WORK REQUEST: Using the listing below, copy exactly the lines from the one containing "This paper analyzes" to the one containing "La plataforma educativa", both lines included, and no others.

RECORDS SUPPLIED:

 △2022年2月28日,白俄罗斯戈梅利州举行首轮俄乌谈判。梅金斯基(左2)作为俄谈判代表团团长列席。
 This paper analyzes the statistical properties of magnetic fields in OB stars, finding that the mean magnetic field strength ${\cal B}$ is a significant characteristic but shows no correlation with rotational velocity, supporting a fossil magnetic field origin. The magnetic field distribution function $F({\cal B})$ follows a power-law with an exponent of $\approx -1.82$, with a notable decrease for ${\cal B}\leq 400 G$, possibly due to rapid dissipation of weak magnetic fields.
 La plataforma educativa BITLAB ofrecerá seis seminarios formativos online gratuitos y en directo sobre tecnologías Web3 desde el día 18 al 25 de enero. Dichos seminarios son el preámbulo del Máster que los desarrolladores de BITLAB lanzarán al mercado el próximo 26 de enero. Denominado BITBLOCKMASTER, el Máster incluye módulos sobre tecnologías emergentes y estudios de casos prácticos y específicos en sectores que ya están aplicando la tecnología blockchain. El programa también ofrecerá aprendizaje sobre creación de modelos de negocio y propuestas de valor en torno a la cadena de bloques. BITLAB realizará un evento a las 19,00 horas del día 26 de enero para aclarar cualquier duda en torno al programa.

* * *

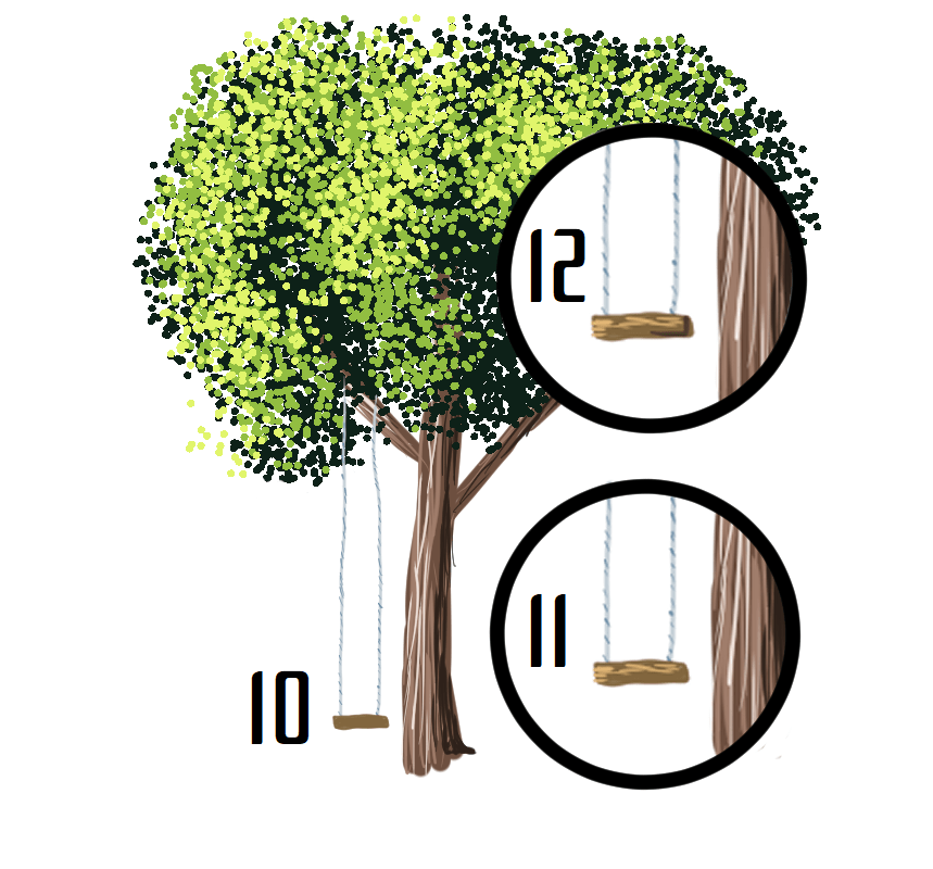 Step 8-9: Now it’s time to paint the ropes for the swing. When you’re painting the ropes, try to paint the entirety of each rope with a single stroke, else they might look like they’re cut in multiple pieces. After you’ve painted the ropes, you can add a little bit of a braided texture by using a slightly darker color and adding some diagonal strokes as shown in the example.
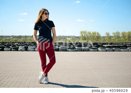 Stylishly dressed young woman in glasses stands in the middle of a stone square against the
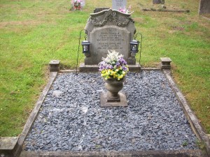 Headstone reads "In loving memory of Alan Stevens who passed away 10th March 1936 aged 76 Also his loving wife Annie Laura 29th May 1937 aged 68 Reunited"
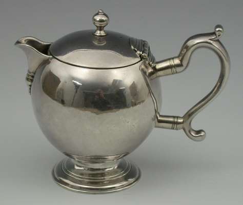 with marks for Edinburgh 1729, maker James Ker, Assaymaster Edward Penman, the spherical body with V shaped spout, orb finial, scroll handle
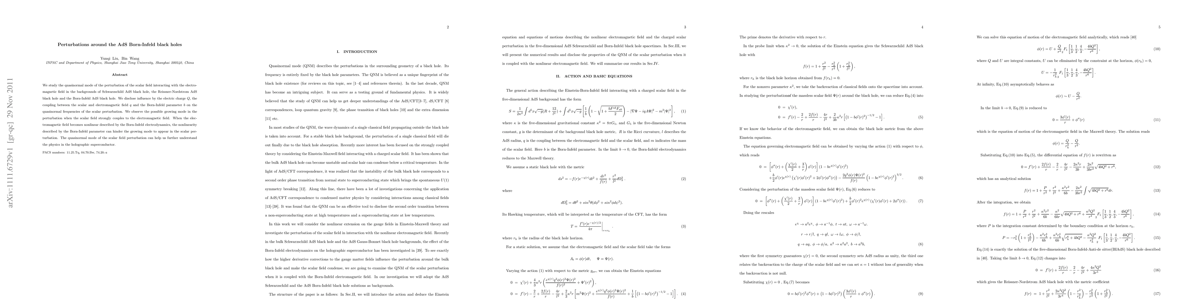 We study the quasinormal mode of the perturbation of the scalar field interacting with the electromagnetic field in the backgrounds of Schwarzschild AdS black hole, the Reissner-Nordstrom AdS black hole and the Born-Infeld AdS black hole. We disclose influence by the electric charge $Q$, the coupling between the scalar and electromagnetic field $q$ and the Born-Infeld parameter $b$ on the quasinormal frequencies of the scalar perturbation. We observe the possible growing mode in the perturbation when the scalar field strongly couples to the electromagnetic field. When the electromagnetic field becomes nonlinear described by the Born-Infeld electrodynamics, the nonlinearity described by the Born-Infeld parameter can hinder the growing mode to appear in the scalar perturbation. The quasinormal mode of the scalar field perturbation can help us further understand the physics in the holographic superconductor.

...

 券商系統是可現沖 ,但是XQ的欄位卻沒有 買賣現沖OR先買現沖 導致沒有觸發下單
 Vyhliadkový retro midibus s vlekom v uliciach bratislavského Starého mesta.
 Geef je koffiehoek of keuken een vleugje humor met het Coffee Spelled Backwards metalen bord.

ANSWER TO THE EXERCISE:
 This paper analyzes the statistical properties of magnetic fields in OB stars, finding that the mean magnetic field strength ${\cal B}$ is a significant characteristic but shows no correlation with rotational velocity, supporting a fossil magnetic field origin. The magnetic field distribution function $F({\cal B})$ follows a power-law with an exponent of $\approx -1.82$, with a notable decrease for ${\cal B}\leq 400 G$, possibly due to rapid dissipation of weak magnetic fields.
 La plataforma educativa BITLAB ofrecerá seis seminarios formativos online gratuitos y en directo sobre tecnologías Web3 desde el día 18 al 25 de enero. Dichos seminarios son el preámbulo del Máster que los desarrolladores de BITLAB lanzarán al mercado el próximo 26 de enero. Denominado BITBLOCKMASTER, el Máster incluye módulos sobre tecnologías emergentes y estudios de casos prácticos y específicos en sectores que ya están aplicando la tecnología blockchain. El programa también ofrecerá aprendizaje sobre creación de modelos de negocio y propuestas de valor en torno a la cadena de bloques. BITLAB realizará un evento a las 19,00 horas del día 26 de enero para aclarar cualquier duda en torno al programa.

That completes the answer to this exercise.